Write out an exact copy of the line containing "There is archaeological" and all lines that follow it in the data below, leaving out pictures.

**PROVIDED MATERIAL**
◇ ◇ ◇
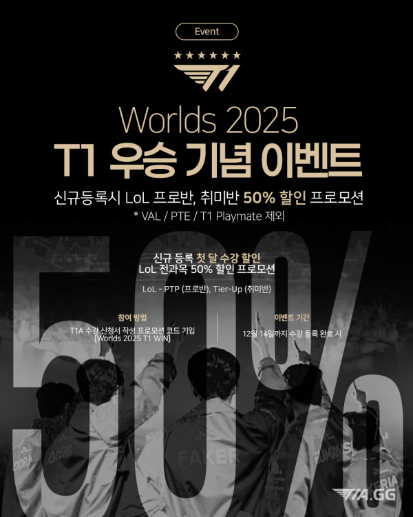 Worlds 2025 T1 우승 기념 이벤트 최고관리자 2025-11-11 최고관리자 0 253 11.11 11:21 2025 T1 우승 기념 이벤트 LoL 프로반, 취미반 50% 할인 이벤트 기간 12월 14일까지 수강 등록 완료 시 참여 방법 수강 신청서 작성 - 프로모션 코드 기입 필수 프로모션 코드 [Worlds 2025 T1 WIN] ⠀ 카카오톡 문의 : @티원이스포츠아카데미 *PTE / T1 Playmate / VALORANT 클래스 제외 *T1A 수강 이력이 없는 신규 등록자에게만 적용되는 프로모션입니다.
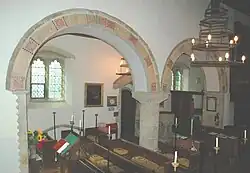 There is archaeological evidence that by at least the 11th century there was an Anglo-Saxon stone church at Westcott Barton, which was originally dedicated to St Edmund the Martyr. In the 11th century the nave was extended westwards and in about the middle of the 12th century the south aisle was added. It has a two-bay arcade and a tomb recess,[2] both of which are Norman.[3] The chancel arch is in a transitional style from Norman to Early English.[4] The church's dedication was changed from St Edmund to St Edward the Confessor in 1238.[5] In the 14th and 15th centuries the chancel and north wall of the nave were rebuilt, the west tower and battlemented south porch were built[2] and the wooden rood screen was installed, all in Perpendicular Gothic style.[3] However, in about 1520 the chancel was reported to be in ruins.[2]
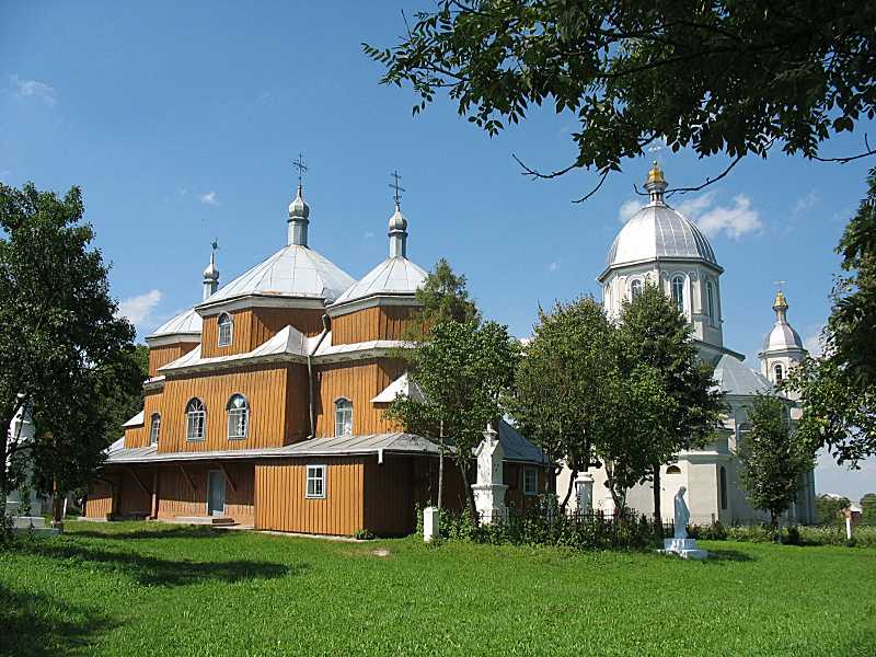 2008 р. Стара і нова церкви. Вигляд з позиції А2Розмір зображення: 800:600 піксел Фото Зенона Боровця і Богдана Тхора, 12 серпня 2008 р. |
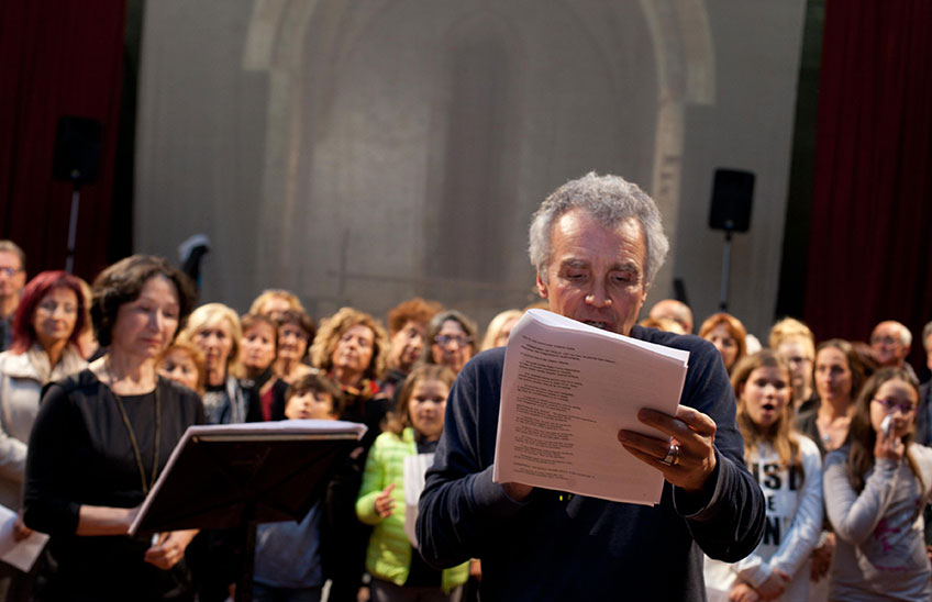 Marco Martinelli e Ermanna Montanari raccolgono la sfida di trasformare in teatro il capolavoro che ha dato origine alla lingua e alla letteratura italiana. La parola “teatron”, “visione”, la ritroviamo nella definizione che Dante stesso dà della sua opera, “mirabile visione”, mirabile teatro quindi, capace di accogliere nel suo campo visivo l’umanità nelle sue molteplici esperienze. La chiave con cui le Albe tradurranno il “trasumanar” dantesco è pensare l’opera nei termini della sacra rappresentazione medievale e del teatro rivoluzionario di massa di Majakovskij: tutta la città è un palcoscenico, tutti i cittadini sono chiamati a partecipare, a “farsi luogo”, a farsi comunità. Ezra Pound definisce Dante l’Everyman: è l’umanità intera che fa quel viaggio, difficile ma salvifico.
◇ ◇ ◇
**EXERCISE ANSWER**
 There is archaeological evidence that by at least the 11th century there was an Anglo-Saxon stone church at Westcott Barton, which was originally dedicated to St Edmund the Martyr. In the 11th century the nave was extended westwards and in about the middle of the 12th century the south aisle was added. It has a two-bay arcade and a tomb recess,[2] both of which are Norman.[3] The chancel arch is in a transitional style from Norman to Early English.[4] The church's dedication was changed from St Edmund to St Edward the Confessor in 1238.[5] In the 14th and 15th centuries the chancel and north wall of the nave were rebuilt, the west tower and battlemented south porch were built[2] and the wooden rood screen was installed, all in Perpendicular Gothic style.[3] However, in about 1520 the chancel was reported to be in ruins.[2]
 2008 р. Стара і нова церкви. Вигляд з позиції А2Розмір зображення: 800:600 піксел Фото Зенона Боровця і Богдана Тхора, 12 серпня 2008 р. |
 Marco Martinelli e Ermanna Montanari raccolgono la sfida di trasformare in teatro il capolavoro che ha dato origine alla lingua e alla letteratura italiana. La parola “teatron”, “visione”, la ritroviamo nella definizione che Dante stesso dà della sua opera, “mirabile visione”, mirabile teatro quindi, capace di accogliere nel suo campo visivo l’umanità nelle sue molteplici esperienze. La chiave con cui le Albe tradurranno il “trasumanar” dantesco è pensare l’opera nei termini della sacra rappresentazione medievale e del teatro rivoluzionario di massa di Majakovskij: tutta la città è un palcoscenico, tutti i cittadini sono chiamati a partecipare, a “farsi luogo”, a farsi comunità. Ezra Pound definisce Dante l’Everyman: è l’umanità intera che fa quel viaggio, difficile ma salvifico.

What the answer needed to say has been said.